It must be at least fifteen or twenty years ago when I first heard the term ‘under-recovery’. Until then we had labelled chronic, repetitive microtrauma injuries as ‘over-use’ injuries. Believing that the tissues were damaged due to repeated, frequent overloading.
Under-recovery suggested that the loading may have been quite appropriate, provided the tissue (tendon, fascia, muscle, bone, sheath, etc) had sufficient time since the last loading cycle to recover.
The ability to absorb more loading was reframed from one of being too hard on the body, to instead being too impatient and not allowing the normal cycle of post-training stress recovery reach completion.
So we started managing the recovery cycle with the same diligence and vigilance as we did the work cycle of training. Not only did we reduce the injury stress, but it turns out the level of performance would often go up as well. Whether this was due to the change of cycles directly or due to the longer period of training possible because it was not being interrupted by injury is difficult to say, and possibly irrelevant.
However this was a short won victory for common sense. Once the coaches realised sports science could improve the quality of the recovery cycle they increased the frequency and intensity of the loading cycles to maximise training adaptations. Active recovery strategies led to increased loading cycles and the injury and burn-out complications reasserted themselves.
I find the same thing happens in a busy life of work, family, recreation and chores. When I raise the efficiency of managing my tasks I then see gaps into which I can add more tasks…
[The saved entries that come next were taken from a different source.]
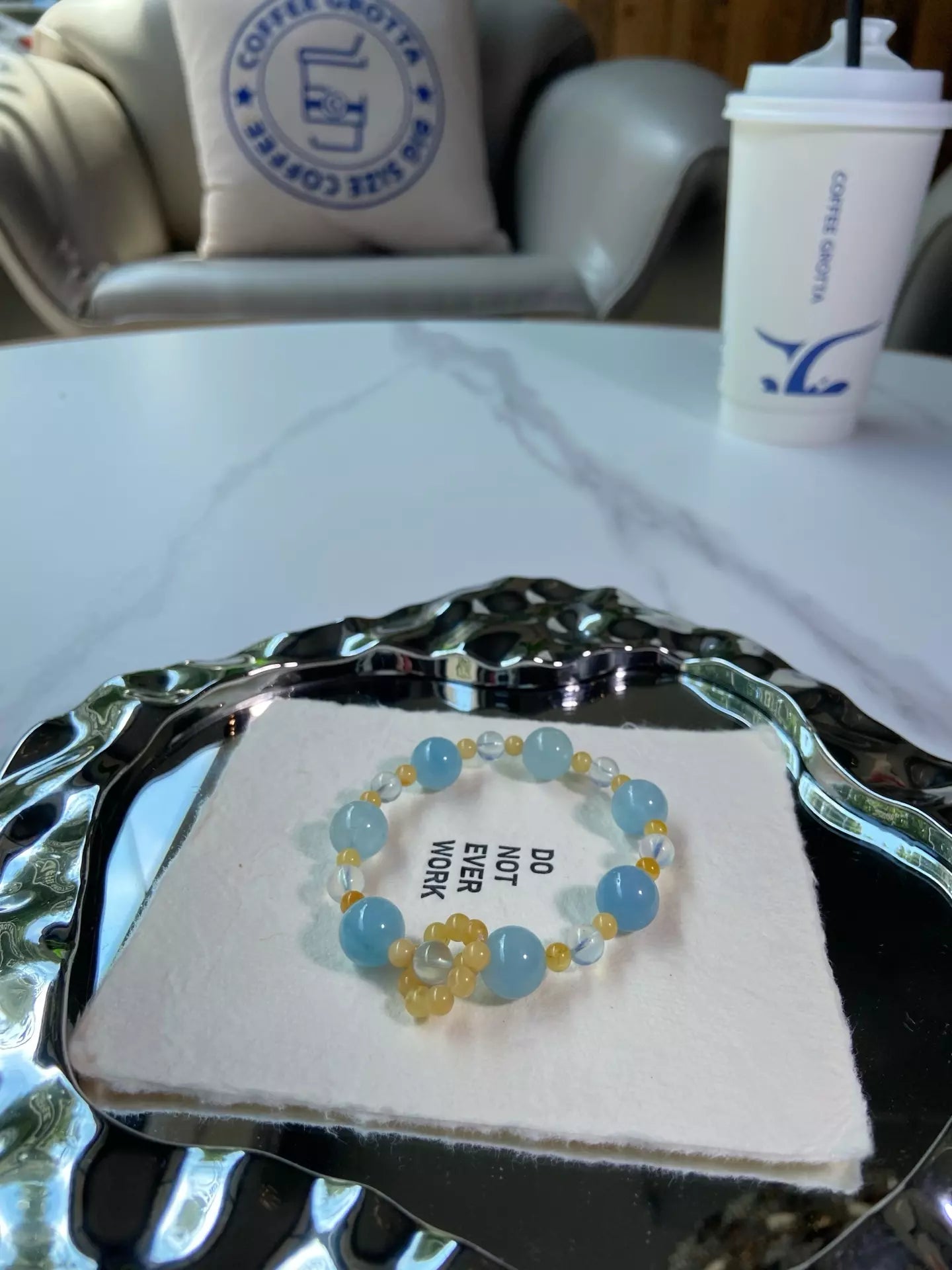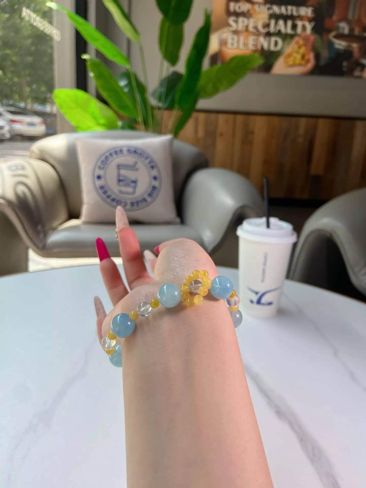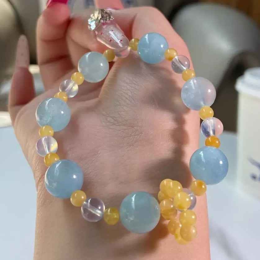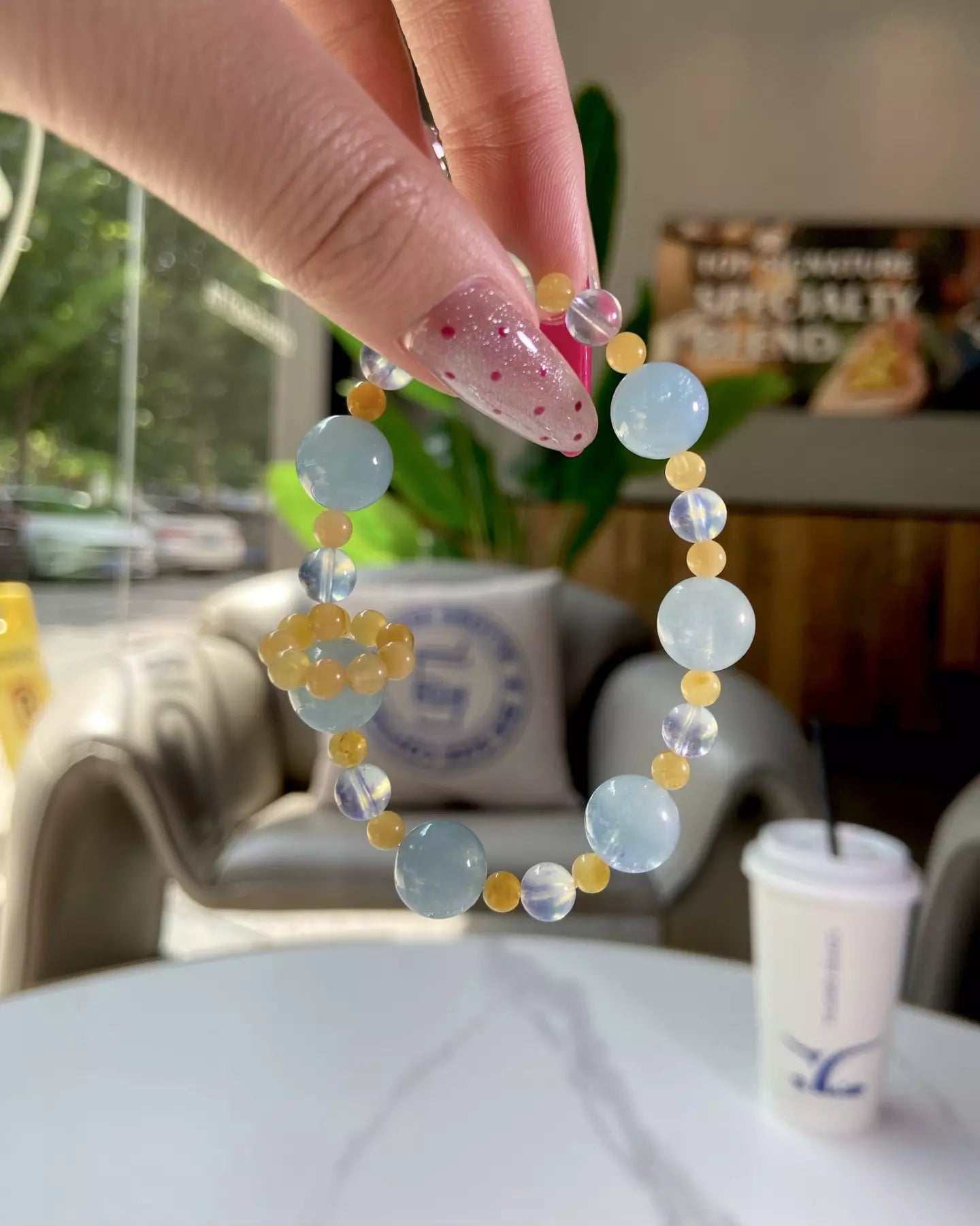 Immerse in the gentle, comforting energy of this bracelet💎🌊! Aquamarine wraps you in a shield of safety and eases body discomfort smoothly😌. Amber ignites inner confidence and brings warm vibes to your daily life✨. Its fresh blue-yellow-clear palette glows like sunlight over the ocean waves—wear daily to embrace peace, courage and cozy energy💫!
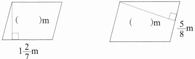 5. 下面两个平行四边形的面积都是$1m^{2}$,请根据底的长度分别写出它们高的长度。
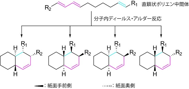 補足図1 分子内ディールス・アルダー反応により形成する4種類のデカリンの立体配置
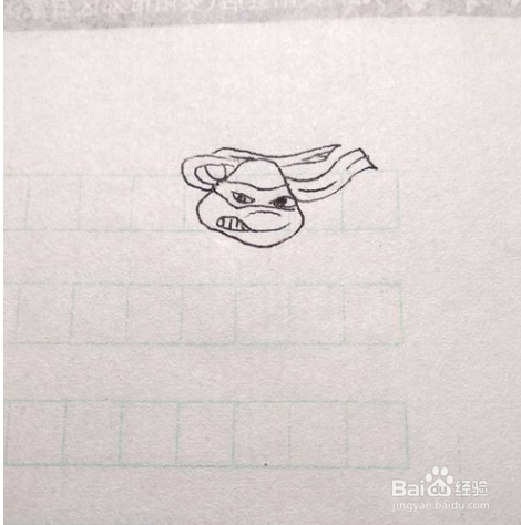 第一步我们先画出忍者神龟的头部,再然后画出忍者神龟的眼睛还有它头上绑着的绳子。
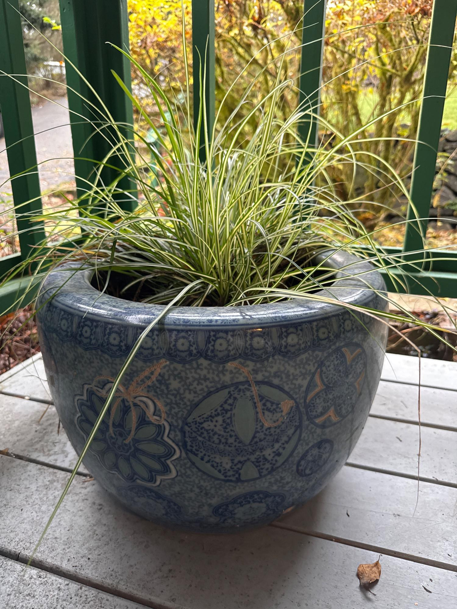 Health of plant cannot be guaranteed at pick up. Large blue ceramic planter. Pink painted detail. Very heavy.
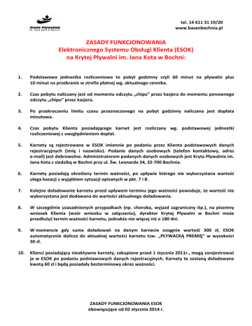 tel. 14 611 31 19/20 www.basenbochnia.pl ZASADY FUNKCJONOWANIA Elektronicznego Systemu Obsługi Klienta (ESOK) na Krytej Pływalni im. Jana Kota w Bochni: 1. Podstawowa jednostka rozliczeniowa to pobyt godzinny czyli 60 minut na pływalni plus 10 minut na przebranie w strefie płatnej wg. aktualnego cennika. 2. Czas pobytu naliczany jest od momentu odczytu „chipu” przez kasjera do momentu ponownego odczytu „chipu” przez kasjera. 3. Po przekroczeniu limitu czasu przeznaczonego na pobyt godzinny naliczana jest dopłata minutowa. 4. Czas pobytu Klienta posiadającego karnet jest rozliczany wg. podstawowej jednostki rozliczeniowej z uwzględnieniem dopłat. 5. Karnety są rejestrowane w ESOK imiennie po podaniu przez Klienta podstawowych danych rejestracyjnych (imię i nazwisko). Podanie danych osobowych (telefon kontaktowy, adres e-mail) jest dobrowolne. Administratorem podanych danych osobowych jest Kryta Pływalnia im. Jana Kota z siedzibą w Bochni przy ul. Św. Leonarda 34, 32-700 Bochnia. 6. Karnety posiadają określony termin ważności, po upływie którego nie wykorzystana wartość ulega kasacji z wyjątkiem sytuacji opisanych w pkt. 7 i 8. 7. Kolejne doładowanie karnetu przed upływem terminu jego ważności powoduje, że wartość nie wykorzystana jest dodawana do wartości aktualnego doładowania. 8. W szczególnie uzasadnionych przypadkach (np. choroba, wyjazd zagraniczny itp.), na pisemny wniosek Klienta (wzór wniosku w załączeniu), dyrektor Krytej Pływalni w Bochni może przedłużyć termin ważności karnetu, jednakże nie więcej niż o 180 dni. 9. W momencie gdy suma doładowań na danym karnecie osiągnie wartość 300 zł, ESOK automatycznie dolicza do aktualnej wartości karnetu tzw. „PŁYWACKĄ PREMIĘ” w wysokości 30 zł. 10. Klienci posiadający nieaktywne karnety, zakupione przed 1 stycznia 2011r., mogą zarejestrować je w ESOK po podaniu podstawowych danych rejestracyjnych. Karnety te zostaną doładowane kwotą 60 zł i będą posiadały bezterminowy okres ważności. ZASADY FUNKCJONOWANIA ESOK obowiązujące od 02 stycznia 2014 r.
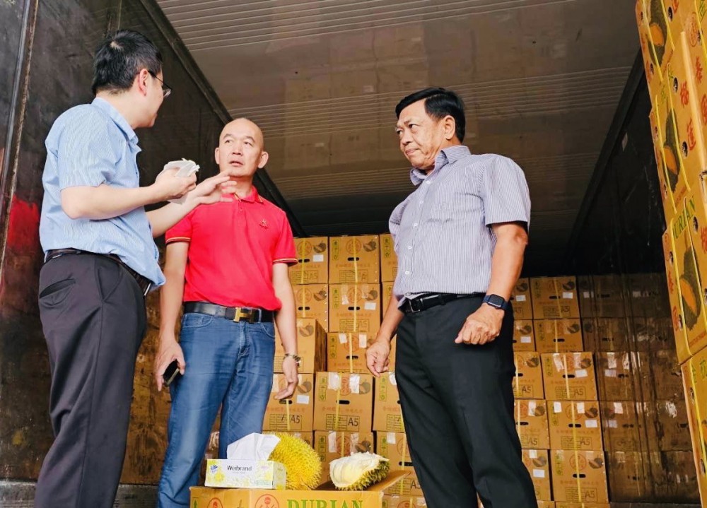 วันที่ 31 สิงหาคม 2566 นายอลงกรณ์ พลบุตร ที่ปรึกษารักษาการรัฐมนตรีว่าการกระทรวงเกษตรและสหกรณ์ ในฐานะคณะกรรมการพัฒนาและบริหารจัดการผลไม้ (ฟรุ้ทบอร์ด) พร้อมด้วย นายเมฆินทร์ เอี่ยมสะอาด และนายณฐกร สุวรรณธาดา คณะทำงานที่ปรึกษารัฐมนตรีเกษตรฯ นายปรัตถกร แท่นมณี กงสุล (ฝ่ายเกษตร) ประจําสถานกงสุลใหญ่ ณ นครกว่างโจว ลงพื้นที่ตรวจทุเรียน ณ ตลาดเชียงหนาน เมืองกว่างโจว เพื่อติดตามกรณีเกิดปัญหาหนอนเจาะทุเรียนกระทบการส่งออกทุเรียนไทย จากนั้นได้ร่วมประชุมหารือกับผู้ประกอบการค้าของจีนและเจ้าหน้าที่ที่เกี่ยวข้อง
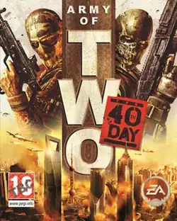 Army of Two: The 40th Day is a 2010 third-person shooter video game developed by EA Montreal and published by Electronic Arts for PlayStation 3 and Xbox 360. The game was also released for PlayStation Portable, which was developed by Buzz Monkey.[4] It is the sequel to Army of Two.
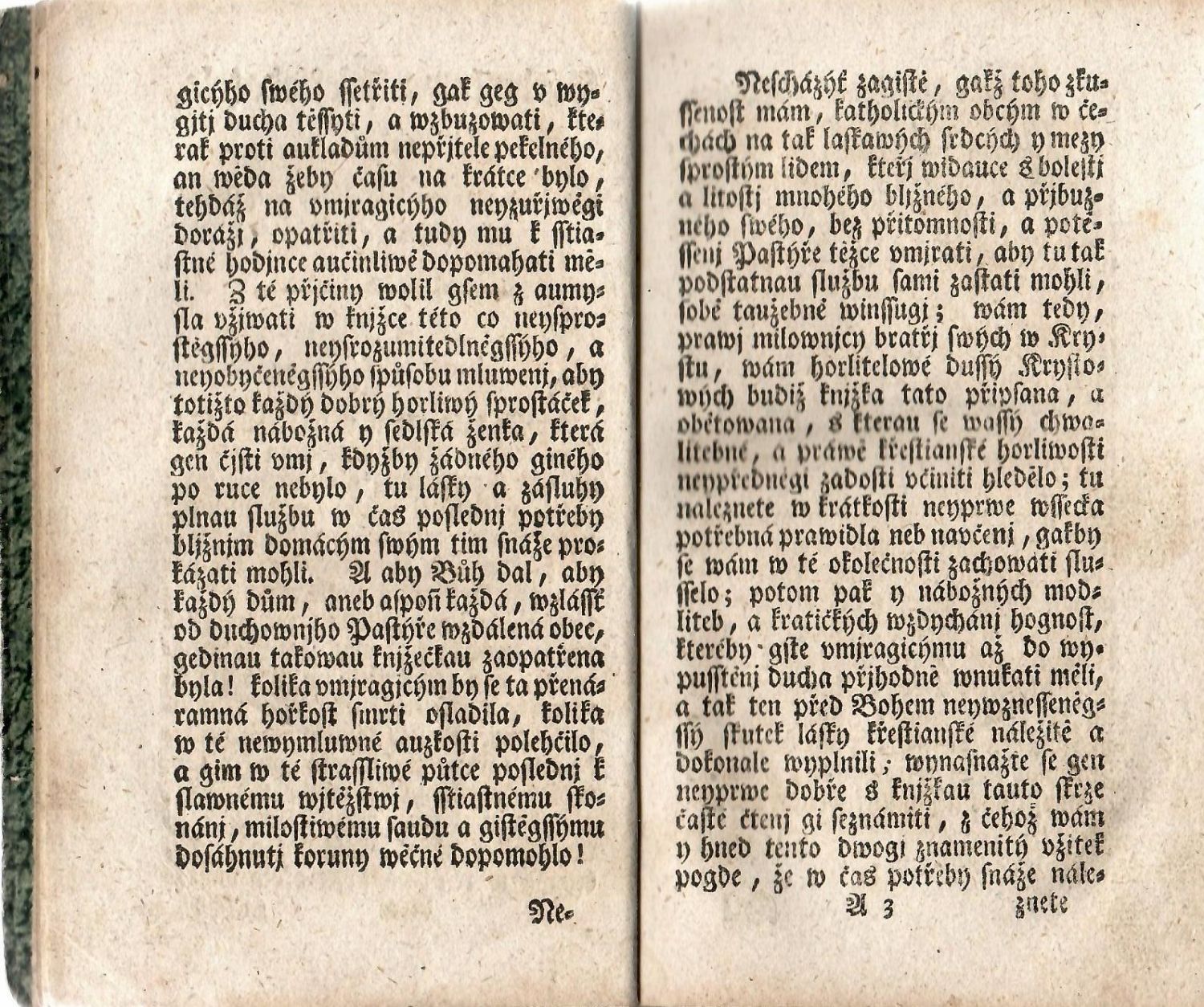 Knihopis 1002<br>Gotika, latinská slova antikvou, signatury, stránkové kustody, arabská paginace stran při horním vnějším okraji, uprostřed horního okraje stran tiskařská ozdůbka, tučně tištěné plné iniciály ve výši 1-2 řádků, od strany 38 Díl druhý, od str. 145 Díl třetí. V záhlaví prvního dílu dřevořezový vlys, v záhlaví dílu II. a III. ozdobné lišty, koncová viněta. Z druhého německého vydání do českého jazyka přeložil Jan Chmela.<br>Kartonové desky potažené mramorovaným papírem, plátěný hřbet z počátku 19. století. Vazba ohmataná a místy lehce odřená, plátno ve hřbetu místy proděravělé. Na několika posledních listech při horním vnějším okraji drobné světle hnědé skvrnky. Na titulním listu propisovací tužkou poznámka z druhé půle 20. století o datu tisku nejstarší knihy v českém jazyce podobného obsahu.<br>Krom modliteb a litanií obsahuje knížka řadu naučení jak připravit na šťastný a důstojný odchod umírajícího člověka a naopak čeho se vyvarovat z hlediska věřícího katolíka.

So, how are YOU doing? How is your RESILIENCE?
Resilience: the current buzzword in business training and life management is RESILIENCE. It is not new, just a rebadging of the ability to bounce back, to roll with the punches to pull yourself up by the boot-straps, and other meaningless babble.
But actually it is not so much overload as it is under-recovery in terms of not quite regaining your equilibrium between the challenges that life will inevitably throw your way.
Each of us will handle this in their own way. Maybe not a rational or appropriate way, but the way we have always used (habit) probably learned when our minds were most plastic (childhood and adolescence).
Recognising your resilience is compromised is the first stage of avoiding burnout, depression, anxiety or other such failures of your coping mechanisms. Taking action and seeking assistance is the next step. Action and time to allow your recovery cycle to prepare you to step back into life’s fray.
Looking on from outside, you may not fully appreciate the range or depth of others’ overloading and risk judging them harshly for what you perceive as failings. Really, really try not to do that. It is not helpful for either of you. Ask how you might help (not fix, just help) them share the load. And if you are part of the problem, get out of the way without taking it personally (tough ask).
Finally, keep an eye on each other – your loved ones, your family, your team mates and employees. Your professional colleagues, teachers, students and most importantly yourself. Be mindful of how others are coping and dealing with their loads before you dump some of yours.